What needs to be done – Exactly as written, print every line of the listing below and omit its pictures.

Data below –
═══

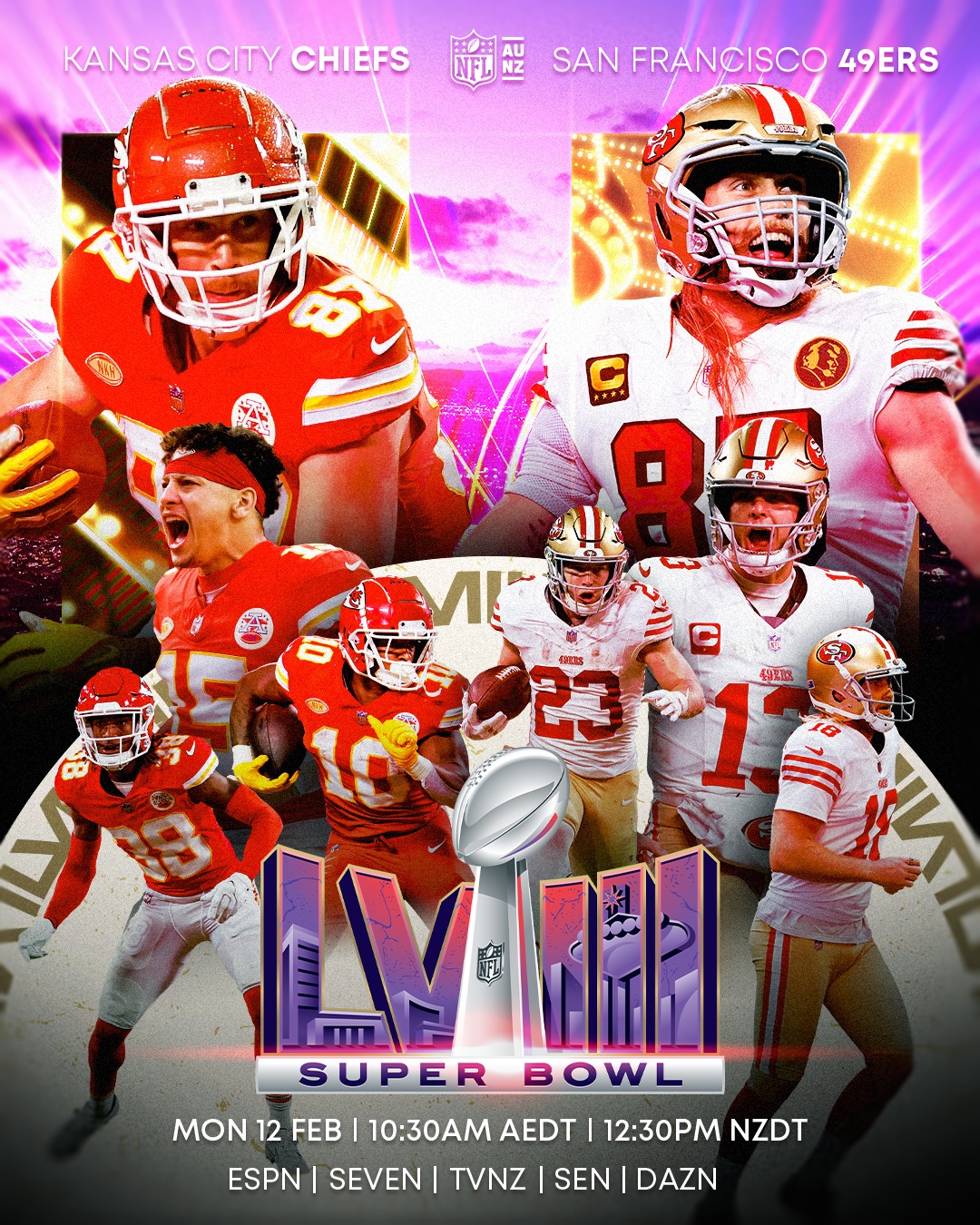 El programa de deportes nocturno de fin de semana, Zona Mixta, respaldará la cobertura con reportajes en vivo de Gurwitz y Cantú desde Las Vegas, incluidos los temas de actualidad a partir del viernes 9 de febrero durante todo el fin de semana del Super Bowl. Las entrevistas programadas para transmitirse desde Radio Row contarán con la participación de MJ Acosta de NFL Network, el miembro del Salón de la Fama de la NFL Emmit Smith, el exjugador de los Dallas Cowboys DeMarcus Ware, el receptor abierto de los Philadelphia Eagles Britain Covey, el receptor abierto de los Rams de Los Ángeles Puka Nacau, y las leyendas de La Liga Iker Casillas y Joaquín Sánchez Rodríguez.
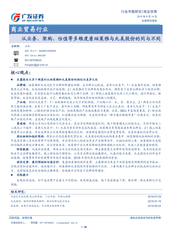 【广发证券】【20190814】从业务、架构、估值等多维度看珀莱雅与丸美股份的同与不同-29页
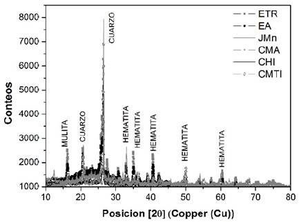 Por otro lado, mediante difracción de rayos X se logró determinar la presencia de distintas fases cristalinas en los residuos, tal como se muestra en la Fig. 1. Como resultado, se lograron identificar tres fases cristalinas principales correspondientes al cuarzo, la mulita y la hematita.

═══

Task response –
 El programa de deportes nocturno de fin de semana, Zona Mixta, respaldará la cobertura con reportajes en vivo de Gurwitz y Cantú desde Las Vegas, incluidos los temas de actualidad a partir del viernes 9 de febrero durante todo el fin de semana del Super Bowl. Las entrevistas programadas para transmitirse desde Radio Row contarán con la participación de MJ Acosta de NFL Network, el miembro del Salón de la Fama de la NFL Emmit Smith, el exjugador de los Dallas Cowboys DeMarcus Ware, el receptor abierto de los Philadelphia Eagles Britain Covey, el receptor abierto de los Rams de Los Ángeles Puka Nacau, y las leyendas de La Liga Iker Casillas y Joaquín Sánchez Rodríguez.
 【广发证券】【20190814】从业务、架构、估值等多维度看珀莱雅与丸美股份的同与不同-29页
 Por otro lado, mediante difracción de rayos X se logró determinar la presencia de distintas fases cristalinas en los residuos, tal como se muestra en la Fig. 1. Como resultado, se lograron identificar tres fases cristalinas principales correspondientes al cuarzo, la mulita y la hematita.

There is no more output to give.